As part of this effort, the US is working on a high-temperature reactor using a helium coolant, says Kathryn McCarthy at the Idaho National Laboratory near Idaho Falls. The reactor would use the pellet-like fuel and materials that turn the laws of physics into an automatic shutdown mechanism if the reactor loses its coolant.

The design, which aims to sustain sufficiently high temperatures to produce hydrogen as well, will push the envelope on new materials that can withstand the harsh environment, she acknowledges. From the range of reactor concepts being examined by the international group, which also includes Argentina, Brazil, the European Union, South Africa, South Korea, and Switzerland, the DOE hopes to narrow the choices by 2012, then settle on one or two standard designs.

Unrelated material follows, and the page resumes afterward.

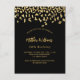 Modernes, elegantes und einladendes Hotel. Ein schwarzer Hintergrund mit goldenen Imitaten Konfetti. Personalisieren und fügen Sie einen Namen und Details.

Many remain skeptical that new reactors will solve many of nuclear energy's current conundrums. For one thing, many of these designs could be run as breeder reactors, generating plutonium as a byproduct and thus raising nuclear-weapons proliferation concerns.

Moreover, reliance on passive systems could undermine the multilayer, defense-in-depth approach to radiation containment, says Edwin Lyman, a scientist with the Union of Concerned Scientists. "We're still learning about how stainless steel degrades" in current reactors.

In 2002, workers at the Davis-Besse plant in Ohio discovered a football-size hole in the top of the steel housing containing the reactor. The corrosion was traced to dry boric acid that had collected atop the reactor vessel. A study later conducted by the Oak Ridge National Laboratory concluded that had the condition - overlooked for six years - gone unnoticed much longer, the hole would have opened wide enough to trigger a loss of coolant worse than Three Mile Island.